I don't want to go around chucking sealant in and then causing the windows to steam or something silly. 

I have been looking for air ingress during this cold snap as it's a large, slightly chilly, bungalow.

A virtual penny for your thoughts?


----------



## jowwy (10 Feb 2021)

helston90 said:


> The windows in my new house were all replaced in 2007 and appear to be in quite good nick.
> 
> I noticed that, from the outside, the windows have sealant along the top and the two sides only - not along the bottom.
> 
> ...


the bottom is probably sealed on the underside to the sloping/flat window sill and the window sill would be screwed/cemented to the brickwork

you can hopefully see on this picture that the window sits on the sill to create the bottom seal and then the use sealant around the edges to seal to the walls


----------



## Phaeton (10 Feb 2021)

If it ain't leaking don't try to fix what isn't broke


----------



## JhnBssll (10 Feb 2021)

As has been said, the frame is sealed against the sill when it's installed, there won't necessarily be any visible sealant there.
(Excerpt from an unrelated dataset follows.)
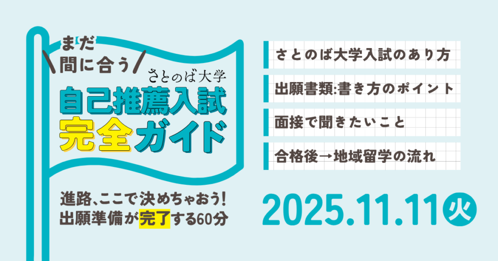 | 2025/11/11 (火) | 20:00-21:00 | 〇 | 🟦進路、ここで決めちゃおう! さとのば大学自己推薦入試「完全ガイド」 | |||
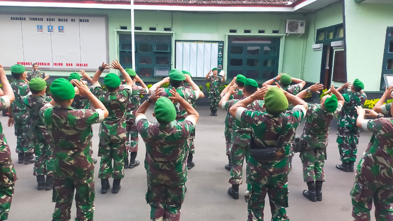 Usai apel pagi, Batiops Peltu Budi Hartono langsung mengambil alih untuk pelaksanaan PBB dan yel-yel Brawijaya.

The mastic around the edges is only really an external seal too - there's normally a 5-10mm gap between frame and wall which is sealed with expanding foam all the way around behind the mastic to make them airtight and reduce noise ingress from outside.


----------



## snorri (10 Feb 2021)

helston90 said:


> I have been looking for air ingress during this cold snap as it's a large, slightly chilly, bungalow.
> A virtual penny for your thoughts?


IME it's the rubber seals on the hinged window frames that fail first, running your hand around the inside of the frame on a cold and windy night usually reveals the weak points.


----------



## helston90 (11 Feb 2021)

Thanks all, it does look very much like you've all described with the frame being sealed but just being out of sight.

I have had the josticks out once or twice tracing drafts and the rubber seals all seem ok. I'll go back to trying to source some good value loft insulation instead


----------